Fatigue Countermeasure Using Automatic Real-Time Video Processing of Eye Characteristics

Aspen, Colorado, USA

Fatigue is a large and growing problem for aviators and motor vehicle drivers. A fatigue countermeasure based on digital video processing of images of the subject’s face has been developed. Digital video data of drivers was collected in experiments in a driving simulator at the University of Iowa. Algorithms were developed to automatically locate the head, eyes, and face features of the driver using wide field-of-view images. The exposed eye area is quantified using the final eye target location. Automatic processing of face features in a vehicle environment is a difficult task due to the complexity of the scene and the variable lighting conditions. The use of both static and dynamic processing in parallel and the use of symmetry has lead to the development of innovative and useful algorithms for automatic face location and feature detection.

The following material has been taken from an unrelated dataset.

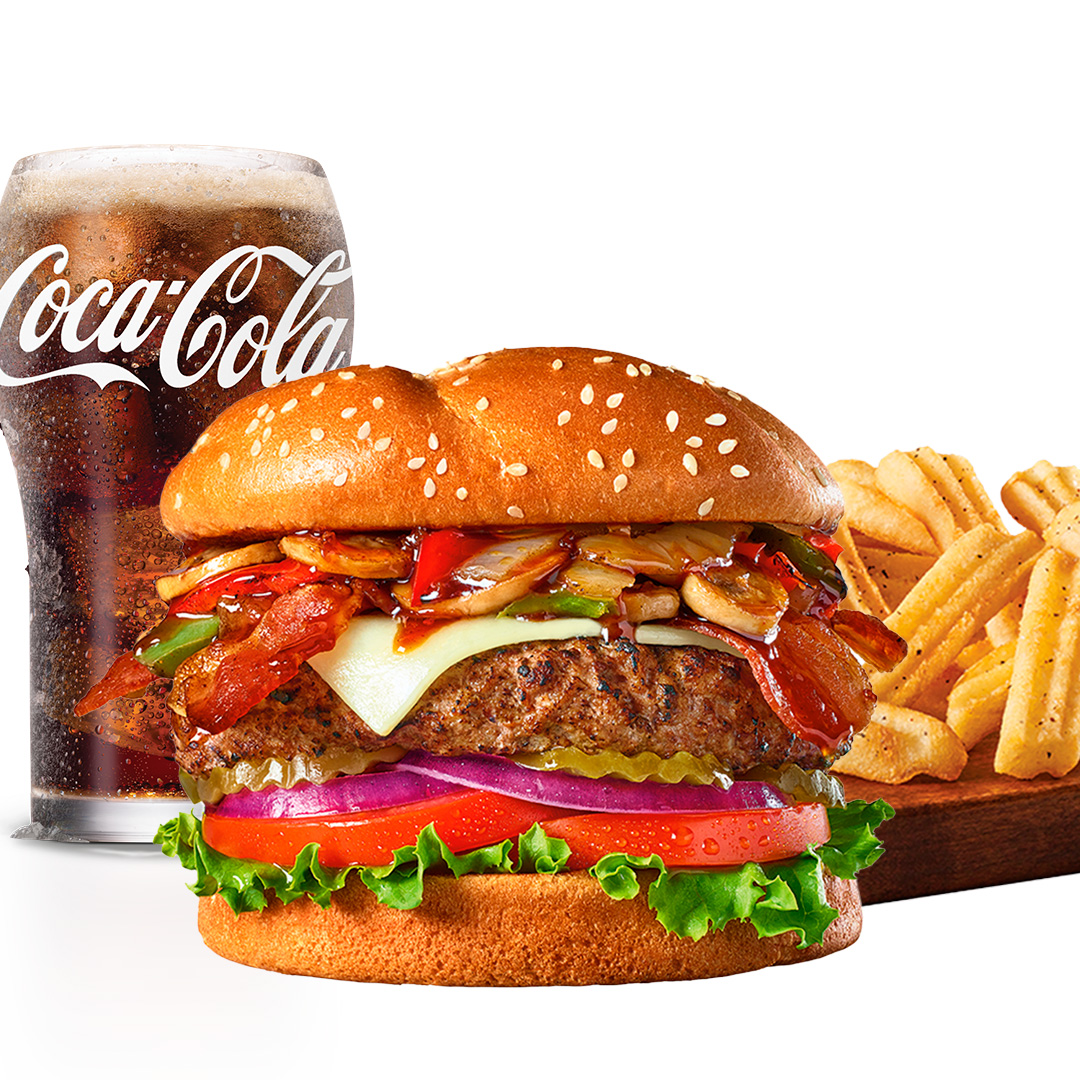 Queso cheddar, tocino, champiñones salteados, cebollas y pimientos asados al fuego, salsa bourbon, lechuga, tomate, cebollas rojas y pepinillos.

The prototype system was effective in automatic feature location for all 13 subjects tested in driving simulator studies. The appearance of visible eye features is quantified and used to determine onset of potentially dangerous fatigue conditions. An alarm event is generated if the eyes remain closed longer than 1.5 seconds, or if sustained reduction in area of exposed eye features is detected (eyelid droop). Other studies in the literature have validated correlation of measures of pupil occlusion (such as PERCLOS) with operator performance lapse. The system is designed to work with an inexpensive digital video sensor mounted on the dashboard of a vehicle and runs on standard computing hardware.